All of the listing must be given again exactly, except that the images are dropped.

* _SOURCE DATA_:
----------------
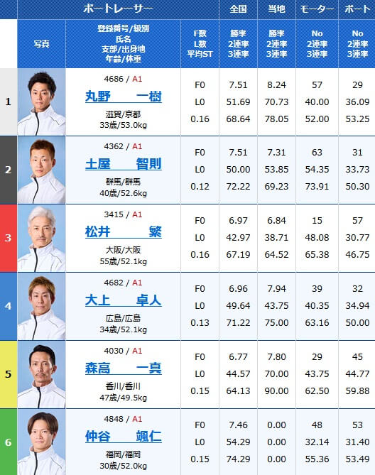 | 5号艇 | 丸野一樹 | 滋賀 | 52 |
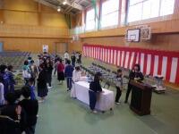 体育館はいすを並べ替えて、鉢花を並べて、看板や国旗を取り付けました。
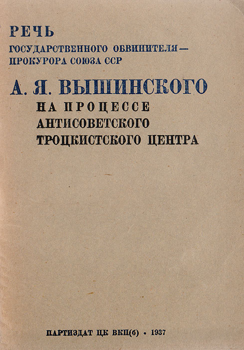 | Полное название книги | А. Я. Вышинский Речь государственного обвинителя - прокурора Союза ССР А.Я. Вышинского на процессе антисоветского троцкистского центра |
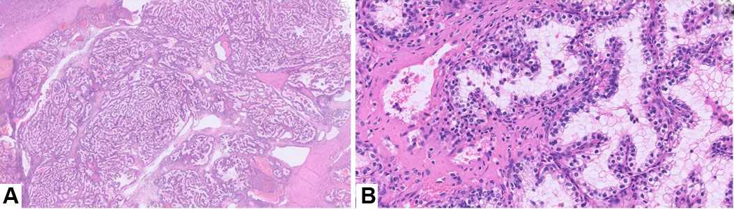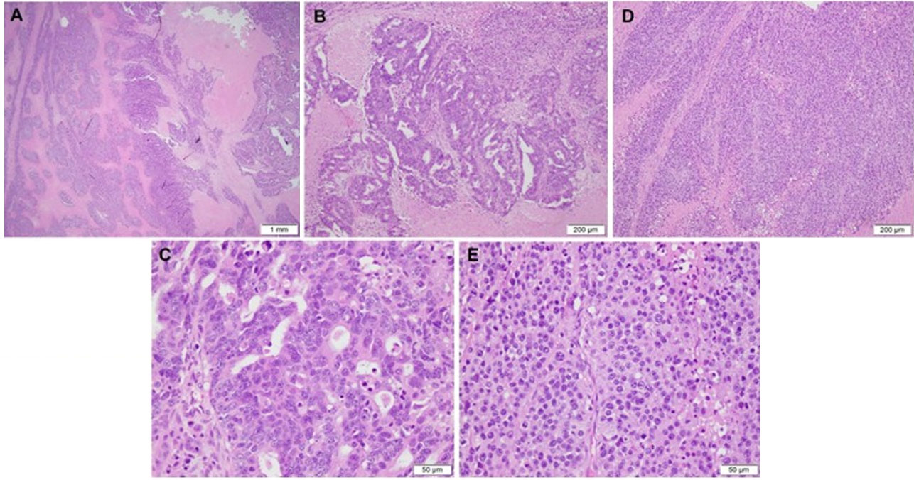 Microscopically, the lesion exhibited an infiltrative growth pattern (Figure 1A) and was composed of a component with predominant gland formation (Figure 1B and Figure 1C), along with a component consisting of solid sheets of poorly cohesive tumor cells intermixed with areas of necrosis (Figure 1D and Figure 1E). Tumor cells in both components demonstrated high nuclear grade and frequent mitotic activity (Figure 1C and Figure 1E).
----------------
* _EXERCISE ANSWER_:
 | 5号艇 | 丸野一樹 | 滋賀 | 52 |
 体育館はいすを並べ替えて、鉢花を並べて、看板や国旗を取り付けました。
 | Полное название книги | А. Я. Вышинский Речь государственного обвинителя - прокурора Союза ССР А.Я. Вышинского на процессе антисоветского троцкистского центра |
 Microscopically, the lesion exhibited an infiltrative growth pattern (Figure 1A) and was composed of a component with predominant gland formation (Figure 1B and Figure 1C), along with a component consisting of solid sheets of poorly cohesive tumor cells intermixed with areas of necrosis (Figure 1D and Figure 1E). Tumor cells in both components demonstrated high nuclear grade and frequent mitotic activity (Figure 1C and Figure 1E).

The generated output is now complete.